I've spent the last couple of hours searching for a exhaust system for my 1992 Nissan Sentra XE 1.6L. Sadly, I haven't had any luck, all of the exhaust systems that I've found are for the 2.0L Nissan Sentra Se-R. I was wondering do they even make a exhaust system for the 1992 Nissan Sentra XE?

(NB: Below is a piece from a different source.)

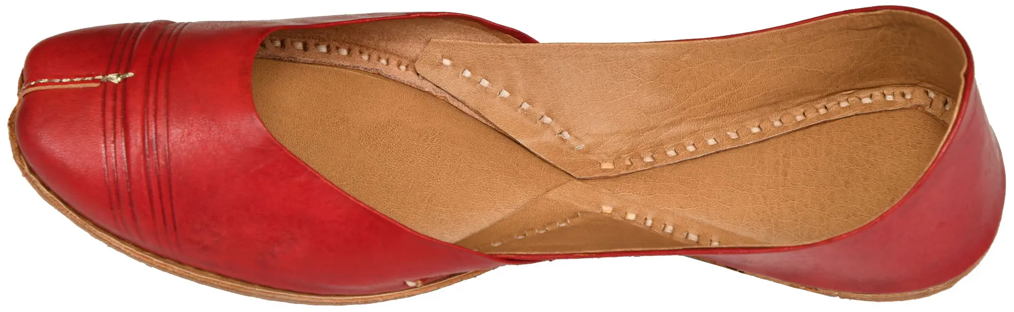 These Mojaris are designed to be your go-to footwear for a multitude of occasions. Their casual nature makes them a perfect complement to a wide range of outfits. Pair them with your favorite jeans and a crisp white shirt for a chic, relaxed look. Dress them up with a flowing kurta or a simple cotton dress for a touch of ethnic flair. They are also an excellent choice for complementing tailored trousers or even a casual skirt. The striking red color makes them a statement piece, capable of transforming an ordinary outfit into something truly special. Their slip-on design offers effortless wearability, making them ideal for those days when you need to be ready in an instant. Embrace the blend of tradition and modern style with these beautifully crafted leather Mojaris.

I've also been searching for a good intake system for the 1.6L Sentra... I've also had no luck... 

Please Help


----------



## GA16DEHORNET (Aug 29, 2005)

keep looking on this site, cause each question has been answered at least 400 times, btw there is an exhaust post about 5 threads down so search a bit.


----------



## DominickGT (Aug 28, 2005)

Best intake is a free one.  Best bang for the buck!


----------



## Pretty White (May 6, 2002)

Whatever exhaust fits a 1.6 fits a 2.0. The are the same from the cat back.
Look for a used JWT POP. Thats your best bet.


----------



## B13boy (Dec 16, 2004)

stromung makes an exhaust for the 1.6, mossyperformance.com has them with and without a resonator.


----------



## nvd sentra se (Sep 25, 2005)

u can also try ebay


----------



## Nissan300ZXZ31Turbo (Dec 9, 2004)

Hotshot makes some good headers for the GA16, and Pacesetter has some available, as for whole exhaust systems, I have no idea. I have a bored exhaust manifold to 3" exhaust piping to Silverline performance muffler... sounds good and performs even better. People are surprised.


----------



## DominickGT (Aug 28, 2005)

I can now say from experience the car feels quicker with freed-up headers. I have a cracked exhaust manifold and she REALLY picks up and goes on the highway now.  I should dyno this car.


----------



## NiN_00 (Apr 30, 2002)

its "header" people. 

Just goto a local muffler shop and have them make a 2 inch exhuast from the catback. It's usaully pretty cheap, around 60 bucks or so. That will free up some of that exhuast. Cheap ass intake off ebay works to.


----------